En l’état de difficultés de remboursement et après plusieurs relances, la SA TOYOTA FRANCE FINANCEMENT a délivré à Madame [C] [N], par courrier recommandé avec accusé de réception, une mise en demeure en date du 12 janvier 2024 lui demandant de s’acquitter des loyers dus mais non réglés d’un montant total de 3 124,58€ sous huitaine.
Par courrier recommandé avec accusé de réception en date du 07 mai 2024, la SA TOYOTA FRANCE FINANCEMENT a notifié à Madame [C] [N] la résiliation des contrats de location et d’assurance, la mettant en demeure de lui restituer le véhicule et de lui régler la somme de 30 257,23€ en paiement de sa créance.
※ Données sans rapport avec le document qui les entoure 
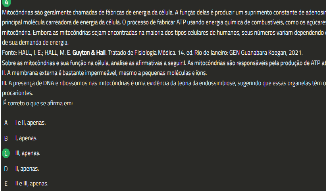 4 Mitocondrias são geralmente chamadas de fábricas de energia da A função delas é produzir um suprimento constante de adenosir principal molécula carreadora de energia da célula. 0 processo de fabricar ATP usando energia química de como 05 açúcares Embora as mitocôndrias sejam encontradas na maioria dos tipos celulares de humanos, seus variam dependendo de sua demanda de energia. Fonte: HALL, J. E.; HALL, M.E. Guyton & Tratado de Fisiologia Médica. 14. ed. Rio de Janeiro: GEN Guanabara Koogan, 2021. Sobre as e sua função na célula, analise as afirmativas a As são responsáveis pela produção de ATP at II. A membrana externa bastante impermeável, mesmo a pequenas moléculas e ions. III. A presença de DNA e ribossomos nas e uma evidência da teoria da endossimbiose, sugerindo que essas organelas têm 0 procariontes. É correto 0 que se afirma em: A e II, apenas. B apenas. C III, apenas. D II, apenas. E II e III, apenas.

Par exploit du 29 avril 2025, la SA TOYOTA FRANCE FINANCEMENT a fait assigner Madame [C] [N] devant le présent tribunal, aux fins qu’il :
la condamne à lui payer la somme de 18 330,41€ avec intérêts au taux contractuel (TMO+50%) à compter du 05 juillet 2023, date du premier impayé et jusqu’à parfait paiement ;la condamne à lui payer la somme de 500€ au titre des dispositions de l’article 700 du Code de procédure civile, outre les entiers dépens.Le dossier est fixé à l’audience du 10 juin 2025 où la SA TOYOTA FRANCE FINANCEMENT a comparu représentée et a sollicité le bénéfice de son assignation.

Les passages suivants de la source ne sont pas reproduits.